In that context, Albert's project to 'bring Aristotle to the Latins' constitutes a genuine defence of philosophical endeavour, not only in the medieval university but also in Christian society in general.

In Albert's view, the enemies of philosophy who 'killed Socrates, threw Plato out of Athens… and forced Aristotle into exile' (he openly criticizes them in his paraphrase of the Politics VIII, 6) are comparable to the 'brute beasts' of his time who 'blaspheme against what they don't know', university 'preachers' who in their sermons 'attack the use of philosophy with all possible means', 'without anyone's being able to answer them' (commentary on the VIIth Letter of Dionysius).

In opposition to these critics, Albert asserts the need to know and assimilate the philosophy of the ancients.

His insistence on the need for philosophy might seem ambiguous in so far as it gives rise to a distinction between two disciplines 'distinct in their principles': theology, which is 'founded on revelation and prophecy', and philosophy, which is 'founded on reason' (Metaphysica XI, 3, 7).

This distinction, however, corresponds to a deeply rooted tendency in the thirteenth century.

The condemnations of 1277 at Paris are evidence of its strength and efficacy. Nihil ad me de Dei miraculis, cum ego de naturalibus disseram (God's miracles mean nothing to me, since I am discussing natural things and events), the rallying cry of the 'Latin Averroists' popularized by Siger of Brabant (De anima intellectiva (The Intellective Soul) III), was originally Albert's (De generatione et corruptione I, 1, 22).

He borrowed it consciously and simultaneously from two authorities, one philosophical (Averroes) and the other theological (Bernard of Clairvaux, reformulating a passage from Augustine).
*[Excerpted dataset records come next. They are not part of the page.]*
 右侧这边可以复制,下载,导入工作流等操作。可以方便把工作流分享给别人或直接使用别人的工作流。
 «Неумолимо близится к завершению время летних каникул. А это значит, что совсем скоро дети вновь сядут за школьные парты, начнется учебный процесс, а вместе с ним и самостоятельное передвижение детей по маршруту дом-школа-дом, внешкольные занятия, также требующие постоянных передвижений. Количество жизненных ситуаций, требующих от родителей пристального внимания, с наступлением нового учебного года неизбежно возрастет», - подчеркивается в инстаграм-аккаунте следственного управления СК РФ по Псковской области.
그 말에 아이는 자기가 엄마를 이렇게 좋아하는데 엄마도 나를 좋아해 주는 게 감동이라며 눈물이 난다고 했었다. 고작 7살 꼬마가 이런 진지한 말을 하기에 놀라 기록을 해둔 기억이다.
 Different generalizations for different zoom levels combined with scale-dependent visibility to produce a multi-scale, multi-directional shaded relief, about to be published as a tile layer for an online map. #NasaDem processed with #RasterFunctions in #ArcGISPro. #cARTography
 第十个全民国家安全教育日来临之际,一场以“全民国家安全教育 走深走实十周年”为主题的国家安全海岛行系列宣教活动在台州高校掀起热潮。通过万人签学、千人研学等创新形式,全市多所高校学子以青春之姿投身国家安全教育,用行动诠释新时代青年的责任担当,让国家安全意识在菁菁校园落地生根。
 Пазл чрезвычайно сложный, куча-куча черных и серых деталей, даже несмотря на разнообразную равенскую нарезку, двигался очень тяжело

Albert wrote all his philosophical paraphrases in order to develop fully the discipline of philosophical research, a discipline that is autonomous in its own domain, the domain of rational argumentation.
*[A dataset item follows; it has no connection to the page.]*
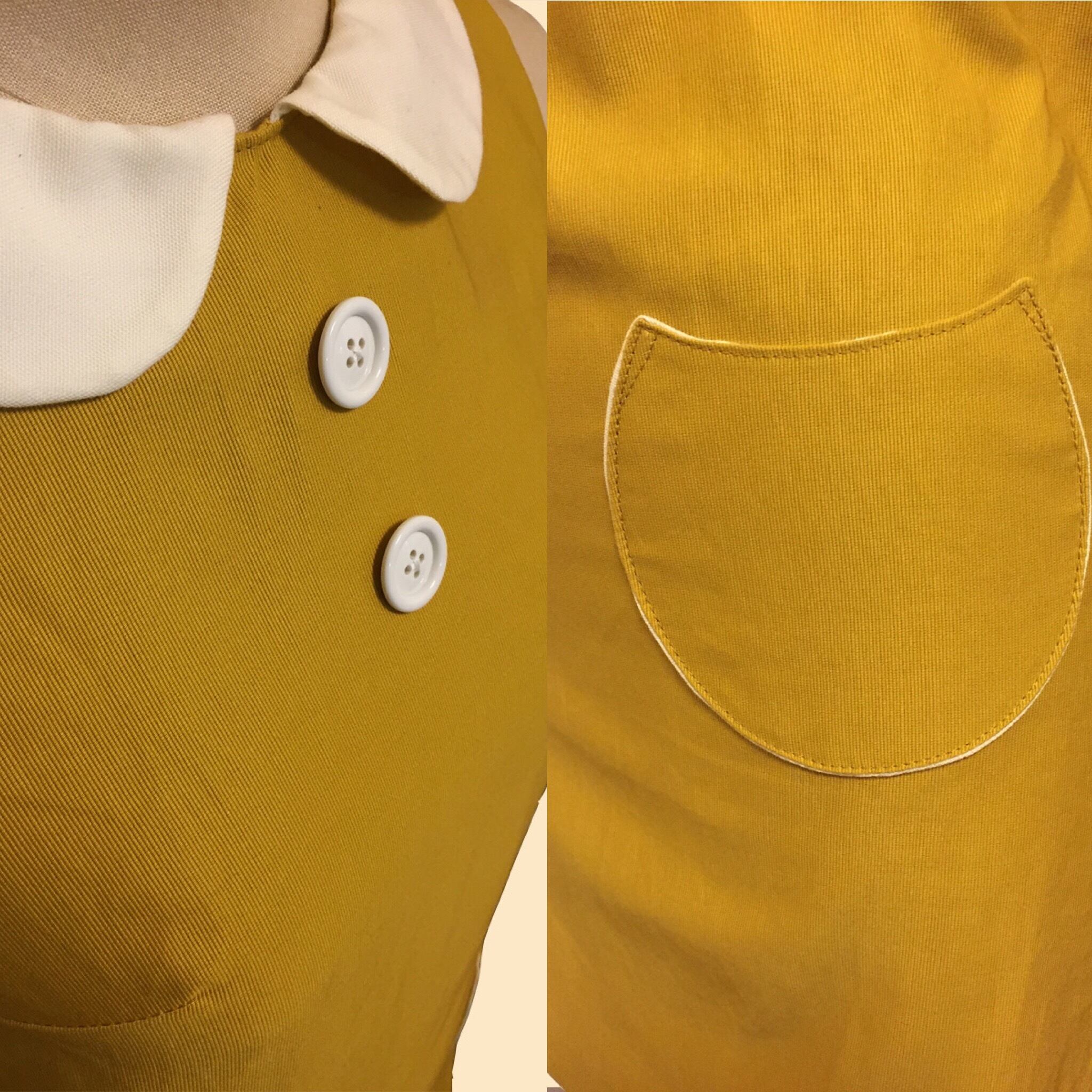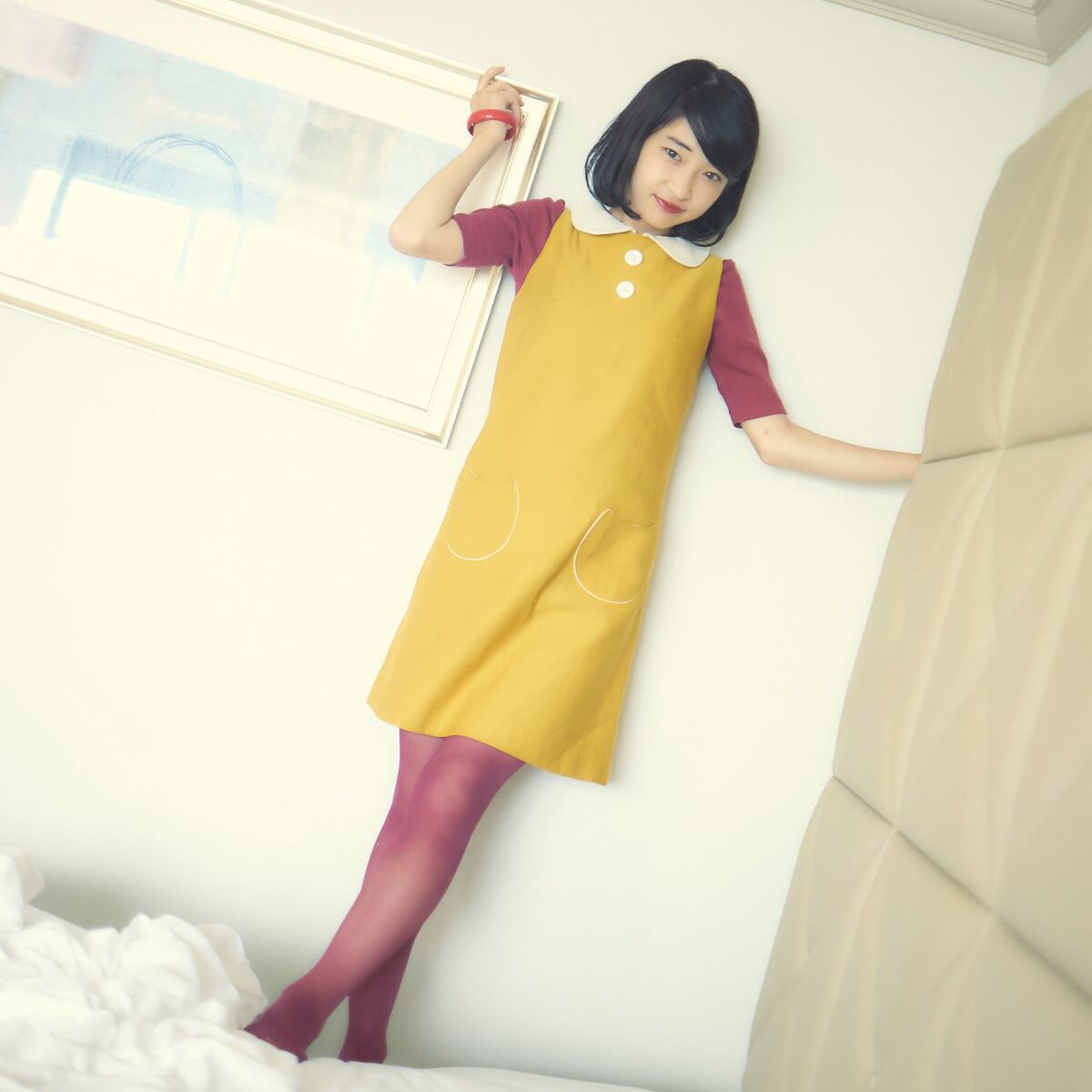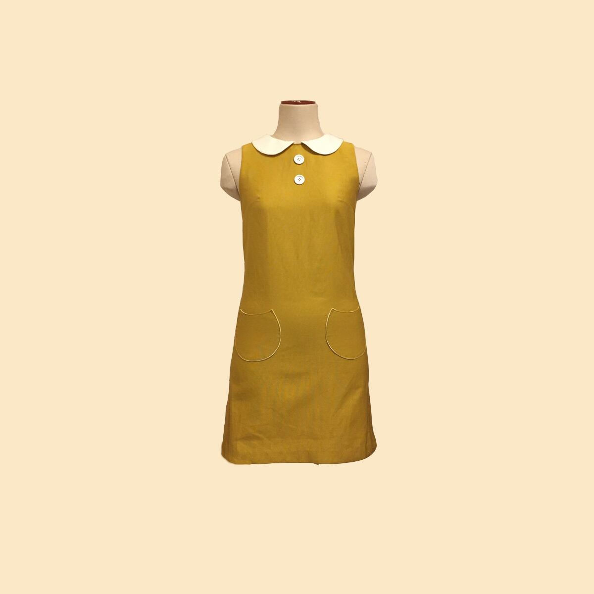 フラットカラーノースリーブが60sチックなデザインのソリッドカラーワンピースです。

The nature of Albert's commentaries might also seem ambiguous, in so far as his avowed Aristotelianism covers a complex mix of Aristotelian and Neoplatonic theses.

This ambiguity, however, cannot be blamed on Albert as it is present in his own Arabic 'Aristotelian' sources, which were for the most part permeated with the syncretic view of Aristotle inherited from the Neoplatonic commentators of the fifth and sixth centuries.

In asserting that 'philosophical perfection' can only be attained with both Aristotle and Plato as its foundation (Metaphysica I, 5, 15), Albert, who knows little of Plato, is really taking up the 'harmonizing' reading of the Neoplatonic philosophers of late antiquity, which was adopted by the Arabic Aristotelians.